Just minutes before sitting down to write this, I was at my best friend’s dinner table, chatting with her family over steaming bowls of spicy chili. Next to my bowl, my cell phone was lying face-down in an attempt to prevent me from unlocking it an absurd number of times to check my messages. (Spoiler alert: there were zero.) Next to me, my friend Maggie sat holding her phone by her lap, texting her long-distance boyfriend, as she normally does throughout the entire day.
I would like to preface the rest of this by saying that I do not personally believe there is a huge problem with millennials and cell phone use in terms of how heavily we rely on technology. With that being said, I notice, even though I personally am not someone who feels terribly addicted to my phone, that there is a certain amount of anxiety that comes along with the idea of unplugging and living a life rid of screens and social media (even for a day, or just a few hours).

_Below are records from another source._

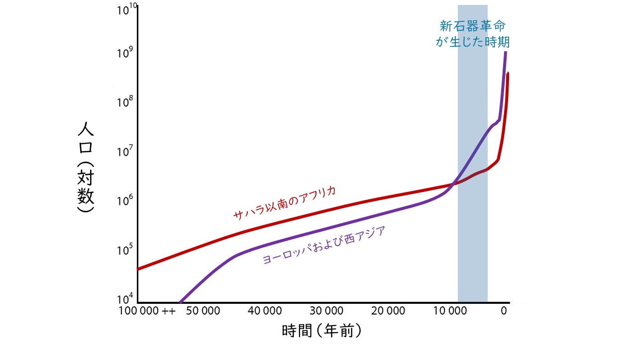 図2 新石器革命が人口に与えた影響。新石器革命(農耕が出現した時期)以後、顕著に人口が増加している。新石器革命は、西アジア、中国、インド、エジプトでまず始まり、少し遅れてサハラ以南のアフリカでも起こった。
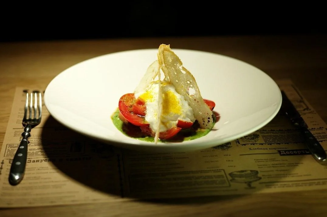 ШАГ 4 В центр тарелки налить песто, на него выложить помидорный салат, сверху — сливочный мусс из сифона.
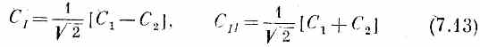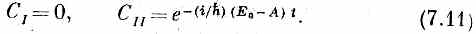 Амплитуды СI =< I |Ф> и С II =< II |Ф> того, что любое состояние |Ф> окажется в одном из наших новых базисных состояний | I > и | II >, обязаны также удовлетворять гамильтонову уравнению вида (6.39). И действительно, если мы просто вычтем друг из друга два уравнения (7.2) и (7.3) и продифференцируем по t, то убедимся, что
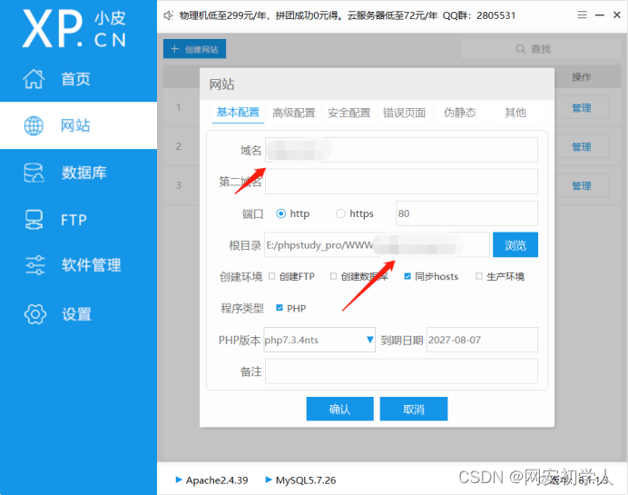 在小皮面板刚刚创建的网站名,点击管理>>打开网站
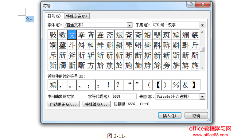 先输入偏旁,比如要输入“斒”字,先输入偏旁“文”,然后选中偏旁再执行“插入符号盰他符号”命令,弹出字符对话框,如下图。
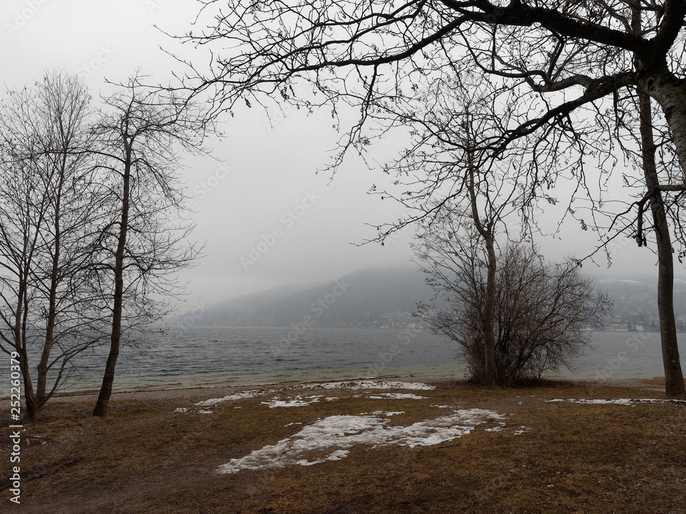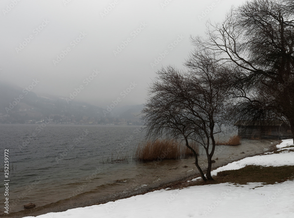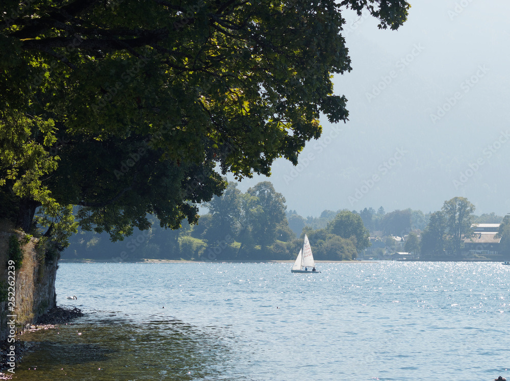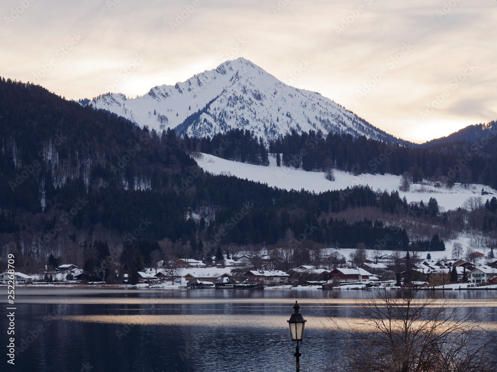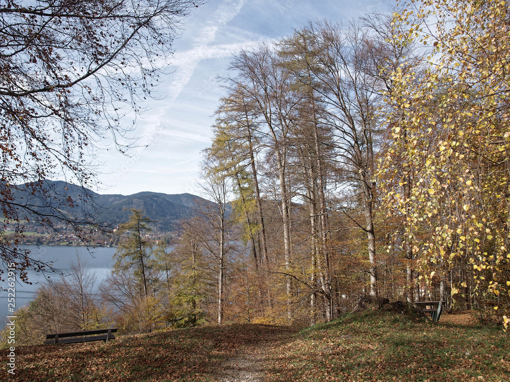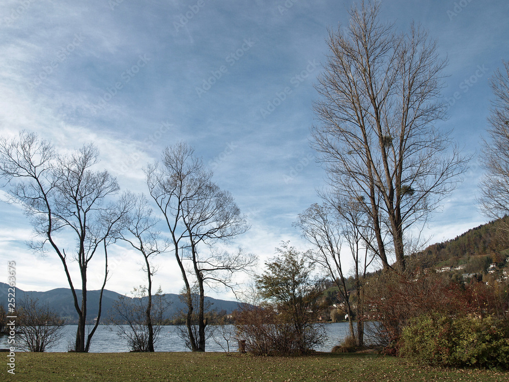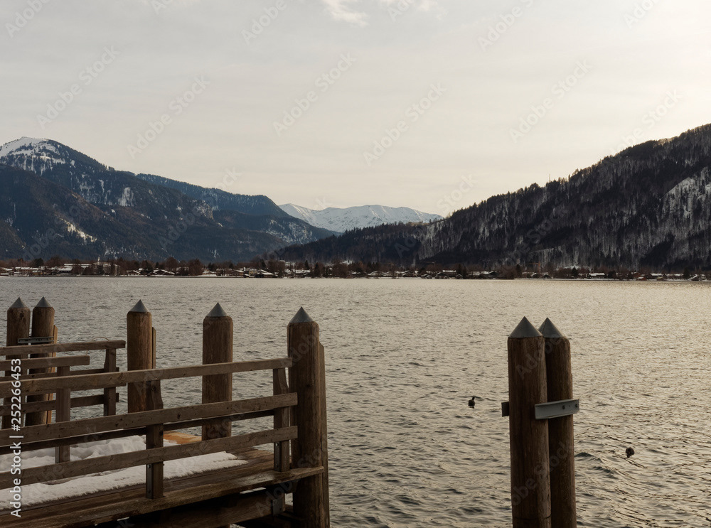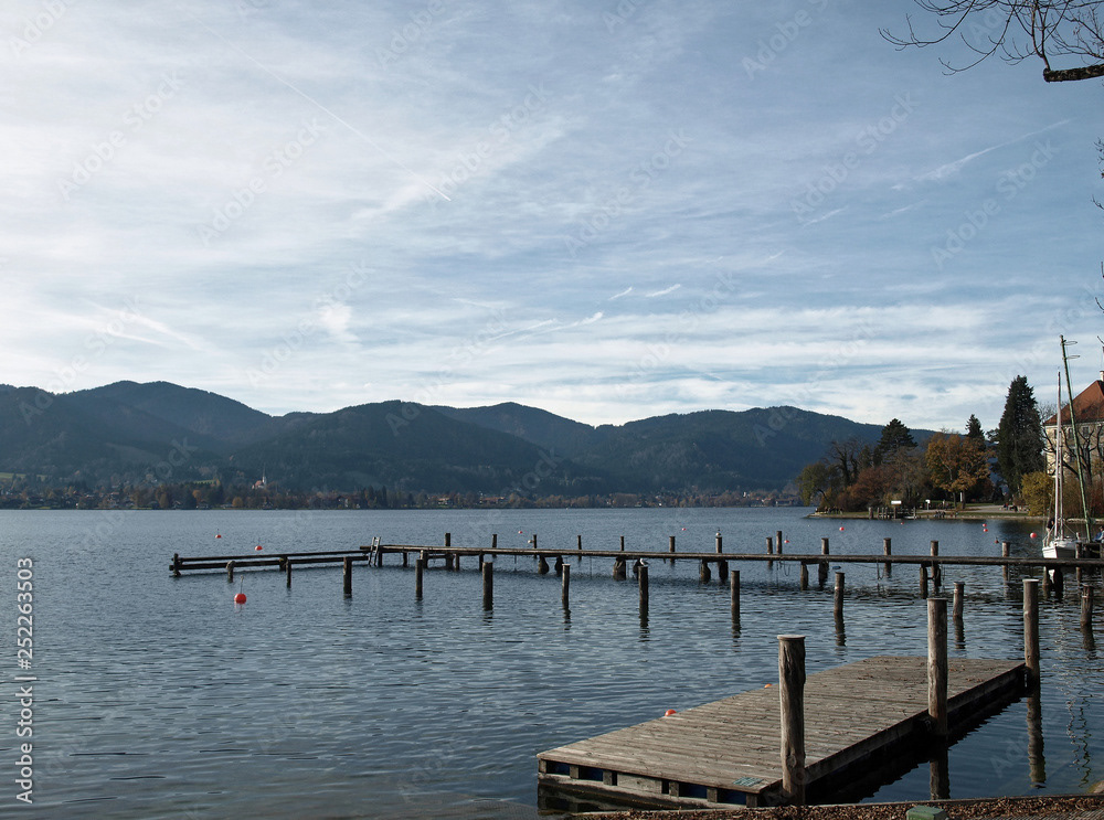 Der See ist von bewaldeten Hügeln, am Fuße der Gipfel von der Wallberg, Hirschberg umgeben. Der Ufer mit Schilf gesäumt. Gmund im Norden, Rottach-Egern im Süden und Bad Wiessee im West.
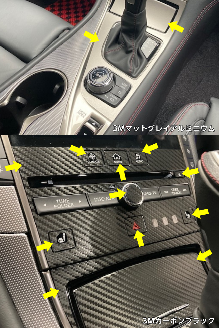 3Mシート使用シフトパネル&ナビパネルカット済みシート(シートヒーター付用) 細かい施工部位については画像をご確認ください。 MC.OP.グレード、仕様変更等で形状が違う場合がありますので現車をご確認ください。 ★材質:ソフト塩ビ ★屋外約2-3年(メーカー値、使用環境、シートの種類による)
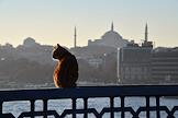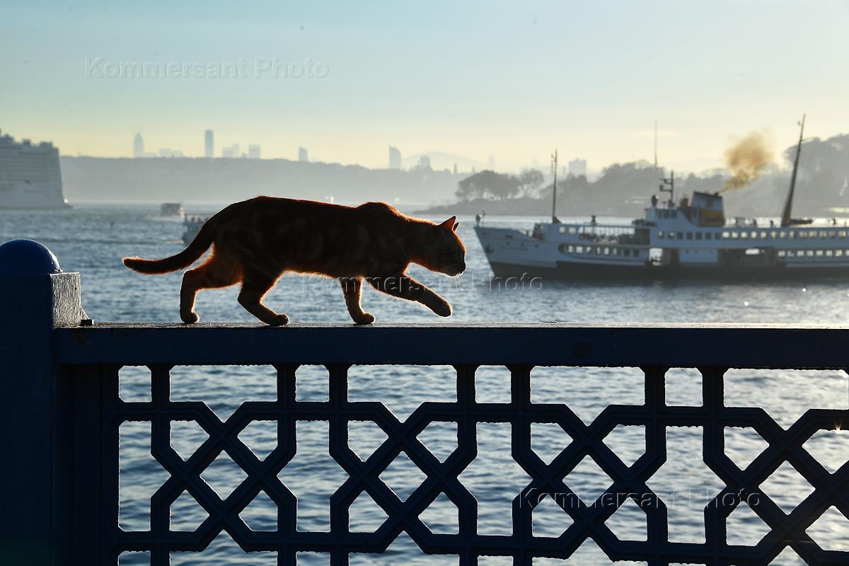 Виды Стамбула. Жанровая фотография. Кот на чугунной решетке ограждения набережной.

More than being an issue of rudeness or incivility that comes along with constant cell phone use, the problem I see with phones is that we’re really just making all the rules up as we go. Technology has advanced so far and so quickly that no one had time to write a guidebook for it. There is no Emily Post Polite Texting-At-The-Dinner-Table book, nor will I find a pamphlet of information on how to reduce my anxiety by closing the goddamned Facebook app in the psychologist’s office. And maybe we should, because it is definitely affecting us.
Last week, while perusing the Forbes “Under 30” section as I tend to, I came upon this article calling out millennials on their dangerous, “anxiety-inducing” tendency to check their phones incessantly. I tend to either shrug or laugh off such articles, because I don’t love the “these young whippersnappers and their dang technology!” mentality, usually finding it offensive and blatantly untrue. However, as I read on, author Caroline Beaton made some insightful points, followed by useful tips on how to kick cell-phone-separation-anxiety (which, let’s be honest, we all kind of have). In this article, Beaton talks about a study from a few years back which discussed the idea of something they referred to as “nomophobia,” which (as I understand it) is essentially the fear of being without your mobile phone. Drawing from her research, Beaton says, “teens who relied heavily on their phones and/or social media experienced elevated levels of stress, aggression, depression and distraction as well as worse self-esteem and sleep.”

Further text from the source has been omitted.